Notice of such meeting need not be given. In the event such annual meeting is
not so held, the annual meeting of the Board of Directors may be held at such
place, either within or without the State of Delaware, on such date and at such
time as shall be specified in a notice thereof given as hereinafter provided in
Section 8 of this Article III or in a waiver of notice thereof.

         SECTION 7. REGULAR MEETINGS. Regular meetings of the Board of Directors
may be held at such places within or without the State of Delaware at such date
and time as the Board of Directors may from time to time determine and, if so
determined by the Board of Directors, notices thereof need not be given.

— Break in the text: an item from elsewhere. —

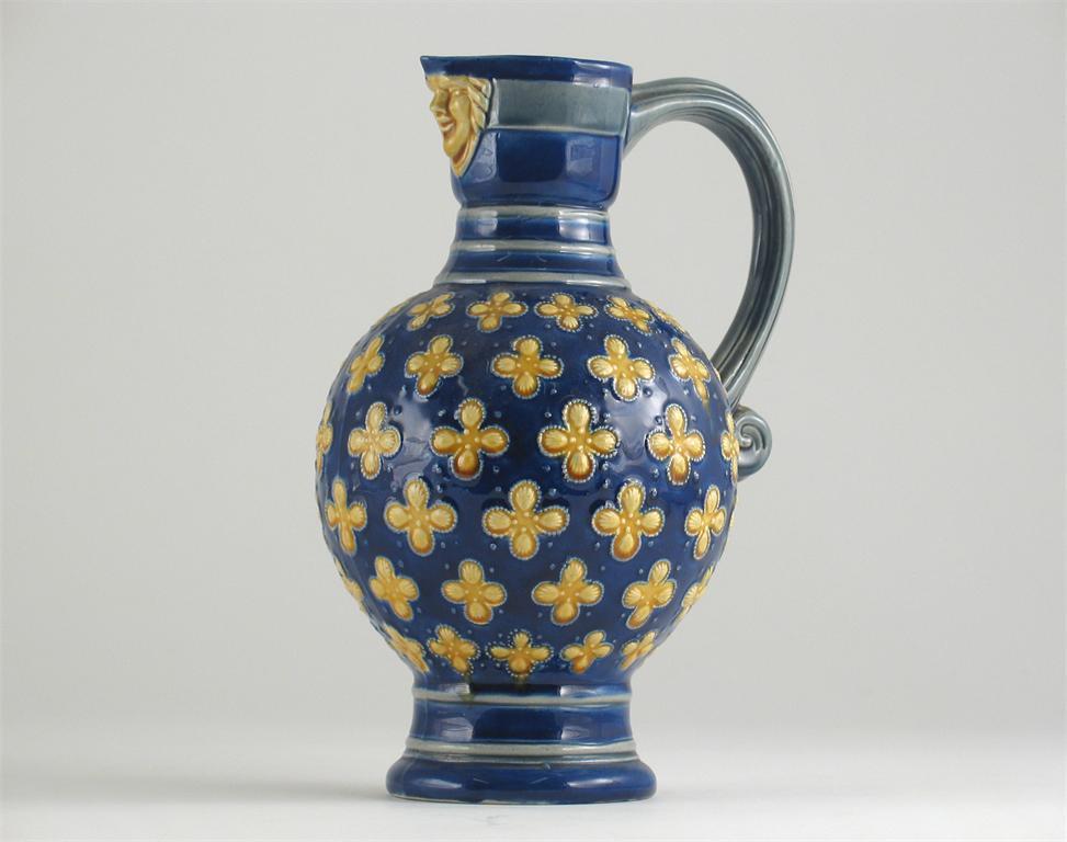 withdrawn forgery A Minton Majolica jug, simulating German stoneware, date code for 1871, 21cm.

         SECTION 8. SPECIAL MEETINGS. Special meetings of the Board of Directors
may be called by the Chairman of the Board, the President, or by any two (2)
directors. Notice of the date, time and place of special meetings shall be
delivered personally or by telephone to each director or sent by first-class
mail or telegram, charges prepaid, addressed to each director at the director's
address as it is shown on the records of the Corporation. In case the notice is
mailed, it shall be deposited in the United States mail at least four (4) days
before the time of the holding of the meeting. In case the notice is delivered
personally or by telephone or telegram, it shall be delivered personally or by
telephone or to the telegraph company at least forty-eight (48) hours before the
time of the holding of the meeting. The notice need not specify the purpose of
the meeting. A written waiver of any such notice signed by the person entitled
thereto, whether before or after the time stated therein, shall be deemed
equivalent to notice. Attendance of a person at a meeting shall constitute a
waiver of notice of such meeting, except when the person attends the meeting for
the express purpose of objecting, at the beginning of the meeting, to the
transaction of any business because the meeting is not lawfully called or
convened.

         SECTION 9. QUORUM; VOTE REQUIRED FOR ACTION; ADJOURNMENT. Except as
otherwise required by law, or provided in the Certificate of Incorporation or
these Bylaws, a majority of the directors shall constitute a quorum for the
transaction of business at all meetings of the Board of Directors and the
affirmative vote of not less than a majority of the directors present at any
meeting at which there is a quorum shall be the act of the Board of Directors.
If a quorum shall not be present at any meeting of the Board of Directors, the
directors present thereat may adjourn the meeting, from time to time, without
notice other than announcement at the meeting, until a quorum shall be present.
A meeting at which a quorum is initially present may continue to transact
business, notwithstanding the withdrawal of directors, if any action taken is
approved by at least a majority of the required quorum to conduct that meeting.
When a meeting is adjourned to another time or place (whether or not a quorum is
present), notice need not be given of the adjourned meeting if the time and
place thereof are announced at the meeting at which the adjournment is taken. At
the adjourned meeting, the Board of Directors may transact any business which
might have been transacted at the original meeting.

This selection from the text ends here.